Die Jury entschied sich für den Dokumentarfilm „Auf Anfang“ der Regisseure Georg Nonnenmacher und Mike Schlömer. Der Film proträtiert einen verurteilten Mörder, der nach beinahe 30 Jahren aus dem Gefängnis entlassen wird. Auf der Bühne dankten die beiden Filmemacher besonders ihrer Editorin Yana Höhnerbach, die das umfangreiche und vielschichtige Material mit ihrer Montage gestaltet hatte.

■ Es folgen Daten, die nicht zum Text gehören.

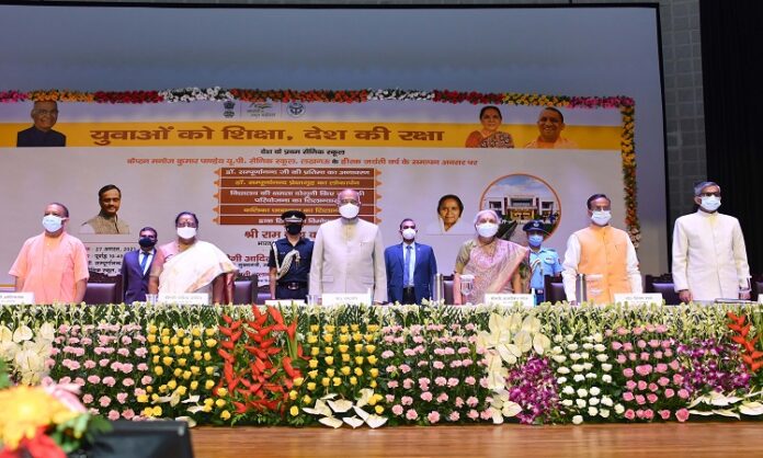 लखनऊः राष्ट्रपति रामनाथ कोविन्द गुरूवार से उत्तर प्रदेश के तीन दिवसीय दौरे पर हैं। अपने दौरे के दूसरे दिन आज उन्होंने लखनऊ में कैप्टन मनोज कुमार पाण्डेय यूपी सैनिक स्कूल के हीरक जयंती उत्सव के समापन समारोह में हिस्सा लिया और उसे संबोधित किया। इस अवसर पर उन्होंने उत्तर प्रदेश के पूर्व मुख्यमंत्री डॉ. सम्पूर्णानंद की प्रतिमा का भी अनावरण ओर उनके नाम पर एक सभागार का उद्घाटन किया। इसके अलावें उन्होंने कैप्टन मनोज कुमार पाण्डेय यू.पी. सैनिक स्कूल के हीरक जयंती उत्सव के समापन समारोह क्षमता दोगुनी किए जाने की परियोजना व स्कूल में एक बालिका छात्रावास के भवन का शिलान्यास किया।

Immer gut gelaunt: Gaspar Noé im Artist Talk. Foto: Werner Busch

Die Jurybegründung: „Nach 28 Jahren Haft wegen Mordes in der Jugend hat ein Mann zum ersten Mal Aussicht auf ein Leben in Freiheit, dem er entgegenfiebert und auf das er sich mit wohlwollender Unterstützung lange vorbereitet. Doch seine Erwartungen erweisen sich als wenig kompatibel mit den Anforderungen der Realität da draußen. Ein Film über die Traumata der Vergangenheit, zweite Chancen und ein Justizsystem, das trotz aller Sorgfalt mit seinem Ziel der Resozialisierung an Grenzen stößt. Die Filmemacher führen ihren Protagonisten nicht vor, sondern nehmen ihn in seiner Widersprüchlichkeit ernst.“ Der Filmpreis NRW wurde zum fünften Mal vergeben. Alle nominierten Filme sind in NRW gedreht, von NRW‐Produzent:innen realisiert oder von NRW‐Regisseur:innen inszeniert worden. Träger des mit 20.000 Euro dotierten Preises sind das Land Nordrhein‐Westfalen, die Stadt Köln und die Film‐ und Medienstiftung NRW.